#### TASK BRIEF:
Write out every line exactly, from the start of the records below to the line with "Volan je designový", and stop there. Don't write out the pictures.

#### DATA SECTION:
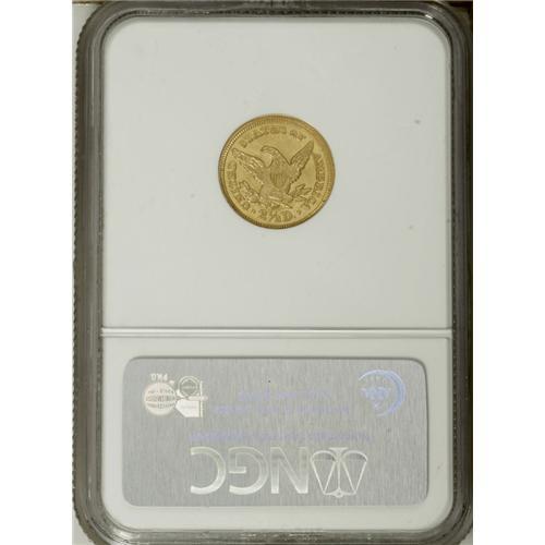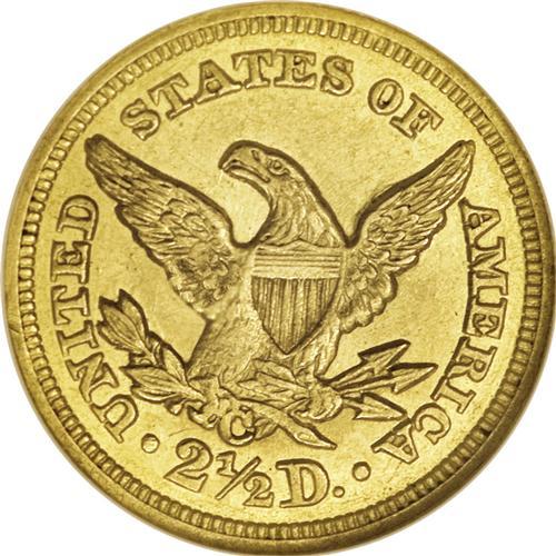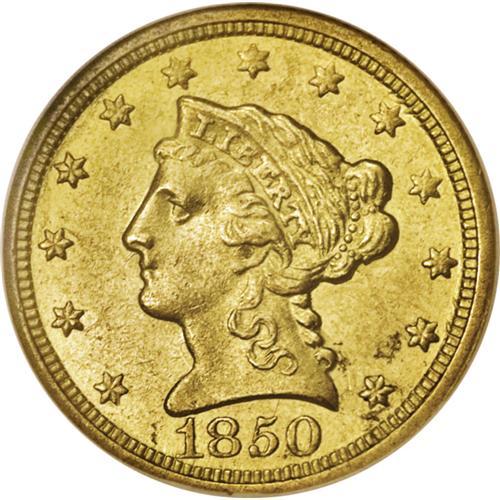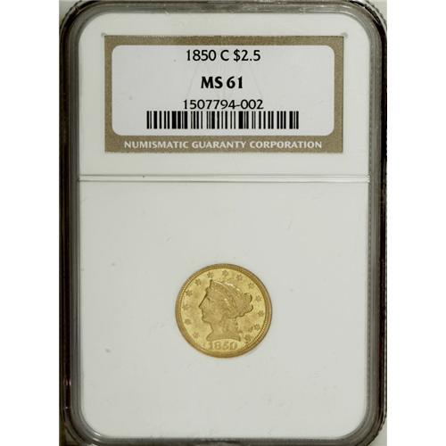 <B>1850-C $2 1/2 MS61 NGC.</B></I> Variety 12-G. A more available Charlotte quarter eagle that becomes exceedingly scarce in Mint State. In this grade there are few measurably better, with just four pieces currently graded finer by the two major services. Well struck on both sides. The only noticeable weakness is on some of the obverse stars, and on the eagle's left (facing) leg, talons, and arrow fletchings. Lustrous with pleasing lime-gold toning, substantial semi-prooflikeness in the fields, and marks on each side that are numerous but mainly small and superficial, leaving the luster essentially undisturbed. Only 9,148 quarter eagles of this date were struck at the Charlotte Mint. Census: 13 in 61, 3 finer (11/06).<BR><BR><b>Shipping:</b> Coin/Currency (<a target="_blank" href="http://www.heritageauctions.com/common/shipping.php">view shipping information</a>)
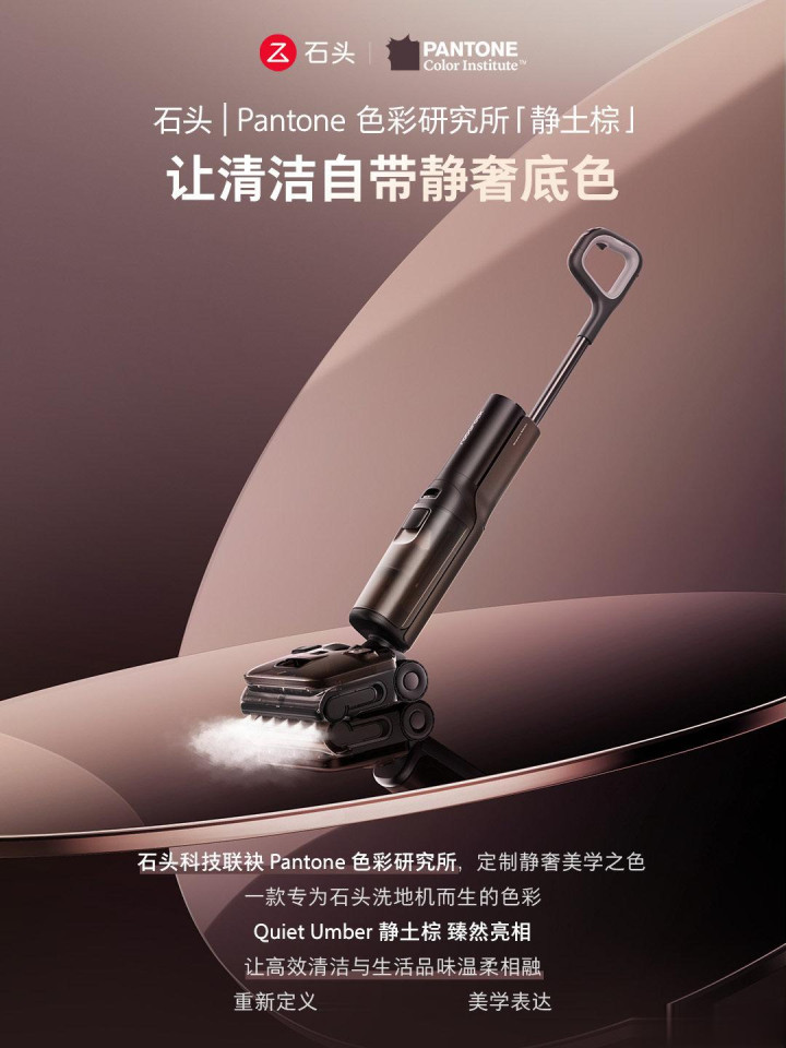 洗地机这边,石头刚拿了奥维云网的两个冠军:蒸汽洗地机市场规模全国第一,A30系列洗地机也是全国第一。这次展会他们和人民日报健康客户端联合发布《国民家庭地面清洁标准白皮书》,算是给行业定了个健康清洁的参考标准。新品石头A30ProSteam2.0用上180°C活性蒸汽和90°C热水洗地,能有效清除油污和细菌,还拿到了TÜV南德母婴级认证。配色上跟Pantone色彩研究所合作,推出定制色“静土棕”,看着挺有质感。
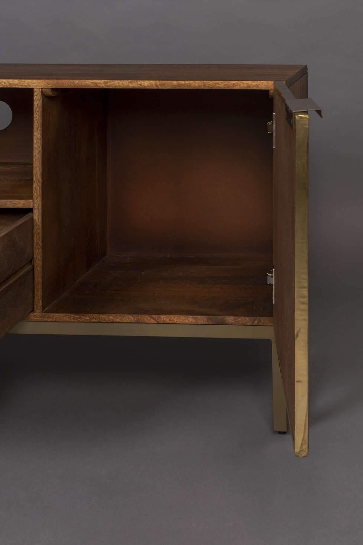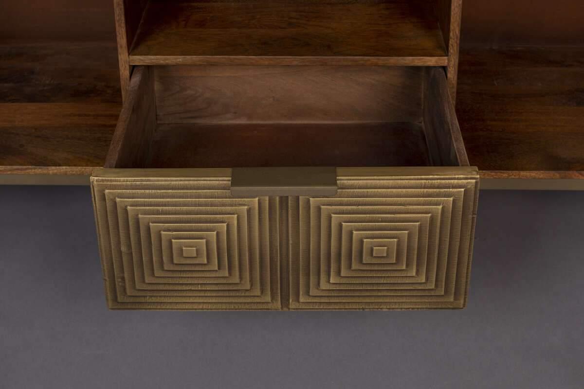 Volan je designový kredenc vyrobený z masivního mangového dřeva v medovém odstínu. Kredenc Volan se vyznačuje originálním tvarem a stylovým provedením. Mosazné doplňky dodávají kredenci antický charakter, zatímco celkový vzhled doplňuje stylový stylový, železný rám, který projektu dodává šarm a eleganci.
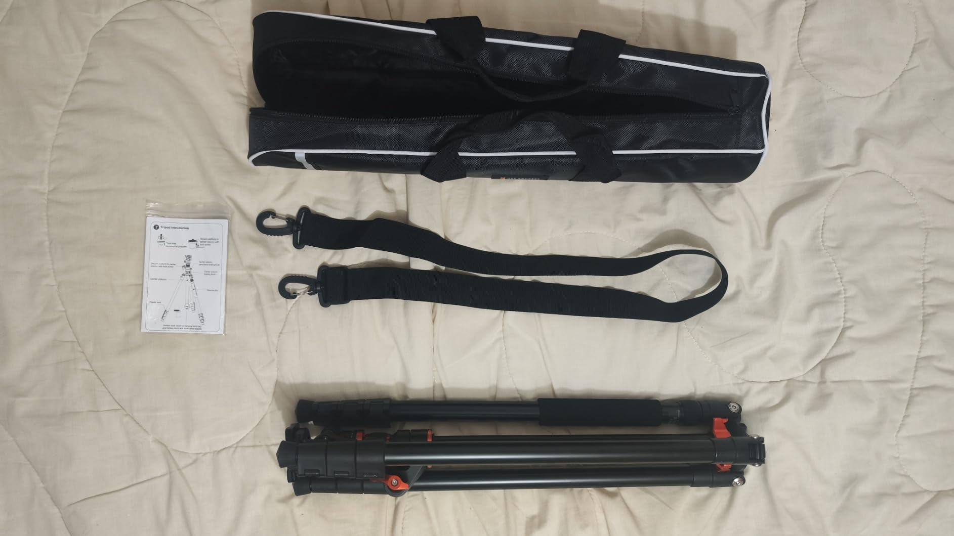 Toen het statief arriveerde, was ik meteen verrast... het komt in een goed draagbare tas en de bal hoofd is extra beschermd met een kleine tas. Een snack en een (toegegeven) enigszins schaarse instructie is ook inbegrepen. Maar... heb je echt begeleiding nodig voor het statief?
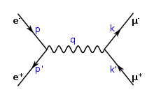 Plus généralement, l'électrodynamique quantique traite des interactions entre les particules chargées (ce qui inclut les électrons et leurs antiparticules, les positrons) et le champ électromagnétique (dont les vecteurs de force sont les photons) ; dans les diagrammes de Feynman, l'électron est représenté avec une flèche qui va dans le sens du temps, le positron avec une flèche qui va dans le sens contraire, et le photon avec une ligne ondulée[Note 7],[30].
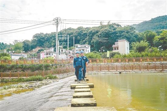 南方电网广东揭阳揭西供电局良田供电所运维人员到辖区内的乡村沿路开展线路、设备巡视检查,确保乡村居民的安全用电 林宇 摄
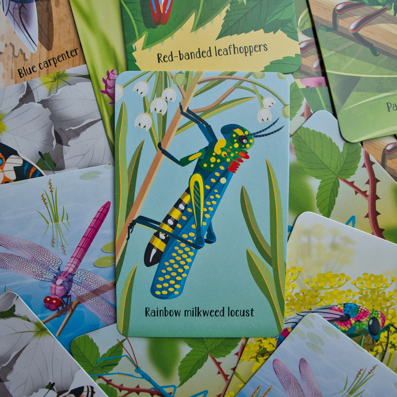 Daniel Long has illustrated a set of interesting insects for snap cards by Usborne. Working from a basic outline provided by the client, Daniel weaved some of his illustrative knowledge of the natural world into each of the cards, tweaking the compositions and poses of the insects to create a dynamic set;
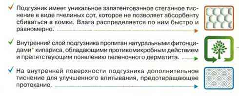 - внутренний слой подгузника пропитан натуральным фитонцидом кипариса, который обладает противомикробным действием. «Фитонциды» — биологически активные вещества, предотвращающие рост бактерий. В медицинской практике применяют свойства лука, чеснока, др. растений, содержащих фитонциды. Мы все знаем, что для профилактики простудных заболеваний мы применяем лук и чеснок, а точнее помогают нам их фитонциды. Самые универсальные по своему действию — фитонциды хвойных пород. Антимикробная активность фитонцидов кипариса значительно выше, чем у сосны, пихты и можжевельника. Они подавляют развитие многих болезнетворных микробов, в том числе стафилококков;
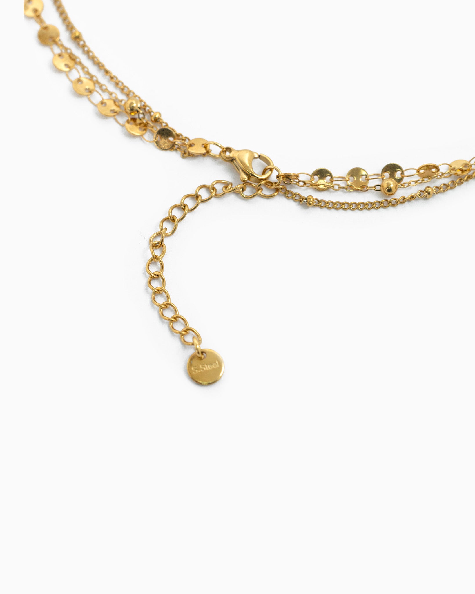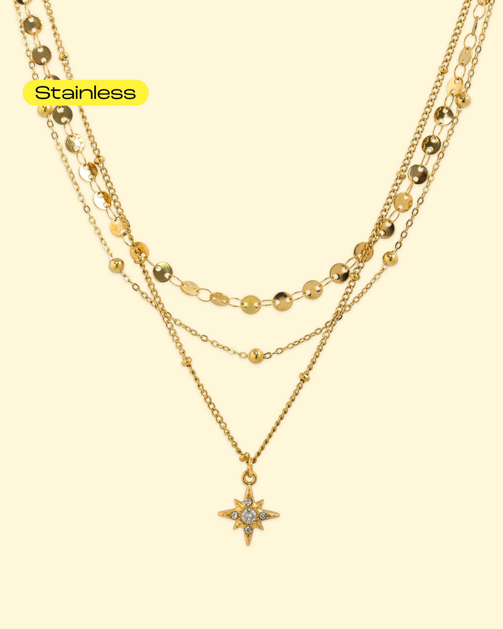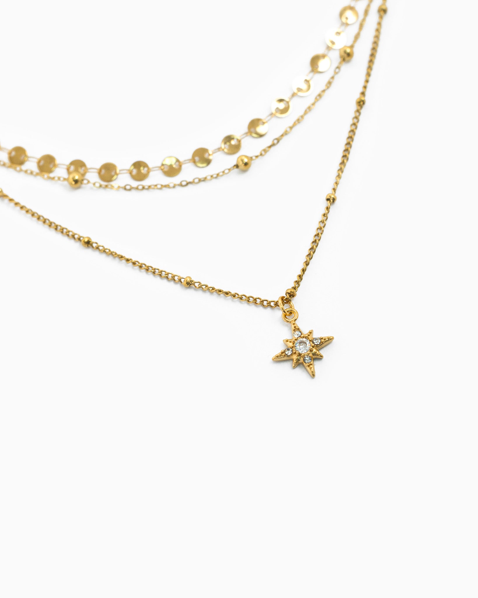 A refined layered necklace featuring three delicate chains accented with shimmering CZ details and a subtle star charm.
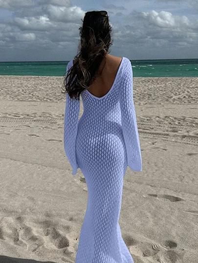 Women's Long Sleeve Hollow Out Swimsuit Cover Up, Elegant Bohemian Style Beach Vacation Dress, V-Neck - Blue - View 9

#### EXPECTED ANSWER:
 <B>1850-C $2 1/2 MS61 NGC.</B></I> Variety 12-G. A more available Charlotte quarter eagle that becomes exceedingly scarce in Mint State. In this grade there are few measurably better, with just four pieces currently graded finer by the two major services. Well struck on both sides. The only noticeable weakness is on some of the obverse stars, and on the eagle's left (facing) leg, talons, and arrow fletchings. Lustrous with pleasing lime-gold toning, substantial semi-prooflikeness in the fields, and marks on each side that are numerous but mainly small and superficial, leaving the luster essentially undisturbed. Only 9,148 quarter eagles of this date were struck at the Charlotte Mint. Census: 13 in 61, 3 finer (11/06).<BR><BR><b>Shipping:</b> Coin/Currency (<a target="_blank" href="http://www.heritageauctions.com/common/shipping.php">view shipping information</a>)
 洗地机这边,石头刚拿了奥维云网的两个冠军:蒸汽洗地机市场规模全国第一,A30系列洗地机也是全国第一。这次展会他们和人民日报健康客户端联合发布《国民家庭地面清洁标准白皮书》,算是给行业定了个健康清洁的参考标准。新品石头A30ProSteam2.0用上180°C活性蒸汽和90°C热水洗地,能有效清除油污和细菌,还拿到了TÜV南德母婴级认证。配色上跟Pantone色彩研究所合作,推出定制色“静土棕”,看着挺有质感。
 Volan je designový kredenc vyrobený z masivního mangového dřeva v medovém odstínu. Kredenc Volan se vyznačuje originálním tvarem a stylovým provedením. Mosazné doplňky dodávají kredenci antický charakter, zatímco celkový vzhled doplňuje stylový stylový, železný rám, který projektu dodává šarm a eleganci.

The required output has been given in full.